This new functionality can be used as follows:
  1. The analyst selects a function from the disassembled or decompiled code to be analyzed.
  2. If the response provided by the endpoint is satisfactory and reveals an interesting function, they can click ‘Accept’ to include it in a list of selected functions, which we call the ‘CodeInsight Notebook’. They can also make modifications to the ‘Summary’ and ‘Description’ fields to correct errors or add information that helps put the code in context.
  3. With each new request sent to the endpoint, all previously stored functions are included—along with any modifications made by the analyst. This allows for more accurate analyses based on previously obtained and reviewed results.
Here’s how the new version of the plugin would look after a few iterations on a malware sample:



A practical example

Let's illustrate the benefits of the new plugin with a practical example. Imagine an analyst needs to analyze a malicious binary file to understand its function. This is typically a time-consuming and complex process, but with the help of Code Insight, their workflow becomes significantly more efficient:

  1. Targeted Analysis: The analyst selects a code block they suspect might be malicious and uses the endpoint to get an automated analysis.

    The code shown below implements an anti-disassembly technique aimed at generating disassembled code that hides malicious functionality through a hidden jump to a memory address. Essentially, the resulting disassembled code is unreliable, as it doesn’t accurately represent the code that will actually be executed.



  2. Review and Refinement: At this point, a request is made to obtain an initial analysis of the code. The analyst reviews the response and can modify both the ‘Summary’ and ‘Description’ fields with their own notes or corrections.

  3. In this case, the obtained code analysis correctly identifies an anti-disassembly technique that modifies the return address. However, it does not provide information about a possible return address that would help the analyst locate the hidden code.

    At this point, the analyst can modify the output provided by the endpoint to explain how this technique works. This way, the acquired knowledge can be used in the analysis of other code blocks within the sample.
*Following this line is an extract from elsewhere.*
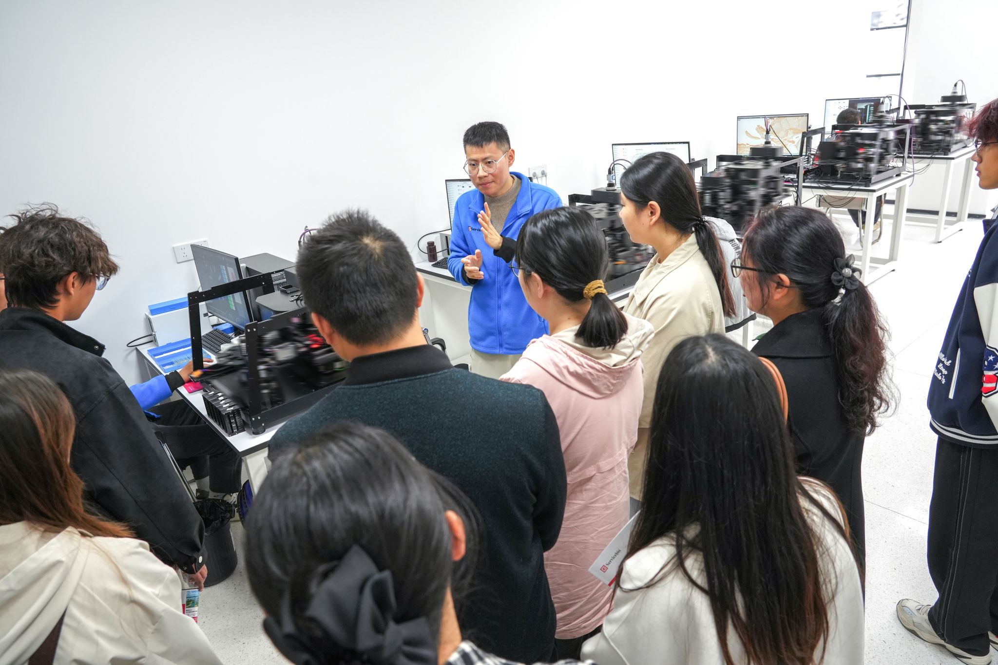 随后,刘宇学长和公司人事部老总带领学生们参观了公司的工作环境,涵盖研发中心、实验室及办公区域。映入眼帘的是排列整齐的设计工位与先进的仿真软件设备,工程师们正专注地进行仪器图纸设计与性能模拟;装调人员严格按照工艺标准对零部件进行组装;专业技术人员正在对成品仪器进行精度校准与性能测试。值得一提的是,在参观过程中,学生们还遇到了同样毕业于武汉华夏理工学院的校友,他们目前已成长为公司的技术骨干,校友们结合自身工作经历与学弟学妹们交流心得,进一步拉近了学生与职场的距离。

To do so, the analyst simply needs to include the (reviewed) analysis in the list of analyzed functions by clicking the ‘Accept’ button.



  4. Iterative Analysis and Improved Results: The file analysis continues in such a way that, with each new request, the list of analyzed functions is sent—effectively representing the knowledge acquired from analyzing the code selected by the analyst.


And as shown in the previous image, this knowledge is used in other function queries that employ a technique similar to the one previously discussed—this time providing more details about how it works and alerting the analyst to the possibility of jumping to an address containing hidden code.

Quick Tips

The endpoint offers some interesting features for the analyst. For example, as shown in the following figure, the presence of strings written in languages other than English has been detected, providing a translation and pinpointing their location in memory.



On the other hand, while analyzing assembly code has its own pros and cons compared to decompiled code, we can gain additional benefits by analyzing a decompiled function whose disassembled code has been previously analyzed and stored in Code Insight Notebook.

For example, let's look at the decompiled code of a function previously analyzed in its disassembled version:


The image below illustrates how analyzing a decompiled function becomes richer with the help of the previously stored analysis of its disassembled code. This happens because certain features, like text strings, are visible in the disassembled code but often missing from the decompiled version.

As a result, Code Insight can provide a more concise and direct explanation by leveraging the decompiled view, which is supported by the disassembled code.



It is important to highlight that both the endpoint and this new feature of the plugin for IDA Pro are offered in trial mode, with the aim of involving the community in the progress we are making in its application to the field of reverse engineering. Although the results produced by this new functionality have been very positive during the testing phase, it is possible that the output generated by the endpoint may not be 100% accurate and could contain errors or omit some relevant details of the analysis.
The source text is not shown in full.